The radial flow q per unit length of circumference is

$$q={\int }_0^{h}vdz=\frac{\rho W^{2}r{h}^3}{3\eta }.$$

(3)

In order to obtain a differential equation for h we apply the equation of continuity,

$$r\frac{\partial h}{\partial t}=-\frac{\partial \left(rq\right)}{\partial r}.$$

(4)

Thus, via Equation (3),

$$\frac{\partial h}{\partial t}=-K\frac{1}{r}\frac{\partial }{\partial r}\left(r^2{h}^3\right),$$

(5)

where $K=\frac{\rho W^2}{3\mu }$.

They obtained the solution which depends only on t. In this case, we have

$$\frac{dh}{dt}=-2K{h}^3.$$

(6)

Hence, they obtained the general solution (7), the equation for thickness of the film fabricated by spin coating, describes the film thickness obtained after the spin coating process

$$h=\frac{h_0}{\sqrt{1+\frac{4\rho W^2{h}_0^{2}t}{3\mu }}},$$

(7)

where $h_0$ is the initial thickness of the coating material [1,2,3,4]. Note that the final thickness of the film is affected more by the angular velocity and time than by the other factors. Given that $W=\frac{\pi }{30}\times \omega$, where $\omega$ is the number of revolutions per minute (RPM), the final thickness h of the film can be treated as a two-variable function of t and $\omega$ [1,2,3,4,5,6,7,8,9,10,11,12].
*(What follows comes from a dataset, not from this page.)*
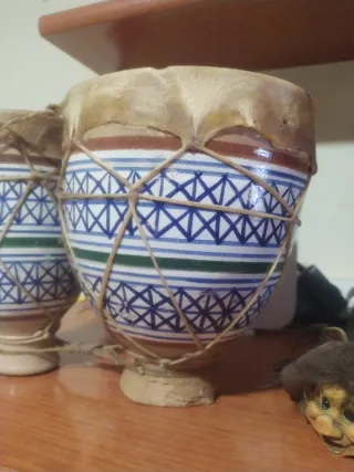 Par de tambores timbales de estilo africano, con un diseño decorativo. - Cuerpo de cerámica con franjas verdes y azules. - Decoración geométrica en azul. - Piel natural en la parte superior. - Cuerdas de sujeción.

Spin coating technology is useful in modern industrial society. However, it still relies on Formula (7), which was introduced in the 1950s, to determine spin coating film thickness. Many companies that deal with spin coating processes do not actually use the equation for thickness of the film fabricated by spin coating (7) to determine spin coating thickness, due to the considerable discrepancy between the theoretical and actual thickness values. Because of these differences in the spin coating process, the traditional equation for thickness of the film fabricated by spin coating (7) was not used, but rather the repetitive empirical formula has been used. Currently, many scholars are trying to reduce these differences [13,14]. The disadvantages of our approach is that the empirical formula must be refreshed whenever the experimental environment changes; additionally, this process tends to be costly and time-consuming. Thus, a new mathematical formula is needed to describe the spin coating process and resulting film thickness. In order to verify this, we are going to conduct an experiment to measure the final thickness in the spin coating process. The experimental environment is given as follows:

(a)

The viscous PDMS (Polydimethylsiloxane) coated on the glass (Sylagard 184, Dowcoaning) is using the spin coating material.

(b)

The substrate of size $2\times 2{\mathrm{cm}}^2$ is used to measure the film thickness at the center of the substrate, and the substrate of size $3\times 3{\mathrm{cm}}^2$ is used to measure the overall thickness distribution of the PDMS film.

(c)

We fix the viscosity, density of coating material, initial thickness at $4000\mathrm{cP}$, $965\mathrm{kg}/{\mathrm{m}}^3$ and $0.105\mathrm{cm}$. Then, the rotation time is fixed at 300 s and the experiment is performed in 500 RPM units from 500 to 6000 RPM.

(d)

The spin coating is performed by Spin coater ACE-200 (DongAh Trade Corp, Seoul, South Korea).

(e)

Finally, we measure all samples thickness and thickness distribution to step measurement by surface profiler DektakXT (Bruker, Karlsruhe, Germany).

(f)

Thickness measurement is performed by measuring the thickness when the stylus of the DektakXT passed through the coated film from the uncoated section of the substrate.

(g)

We focus on a coating thickness range of 4 to $20$ $\mathsf{\mu }$m using experimental limits of $\omega =1000,2000$ and 3000 and $t=300,450$ and 600 s. In these experimental conditions, the equation for thickness of the film fabricated by spin coating is given by the formula:

$$h\left(\omega \right)=\frac{1050}{\sqrt{1+0.00116671{\omega }^2}}\left(\mathsf{\mu }\mathrm{m}\right),$$

where $\mathsf{\mu }$m is the micro meter, i.e., 1 $\mathsf{\mu }$m = 10${}^{-6}$$\mathsf{\mu }$m.

Remark 1.

PDMS is a non-Newtonian fluid and, in [15], the authors pointed out that a study on the realistic flow for flattening of thickness through spin coating using non-Newtonian fluids. However, in [16], experiments were conducted with non-Newtonian fluids to study the applicability of non-Newtonian fluids to Newtonian fluid law. In this paper, the experiments were carried out using the most basic theory about the thickness of films made by the spin coating and non-Newtonian fluids. Based on the results, Equation (7) was used to modify the new equation.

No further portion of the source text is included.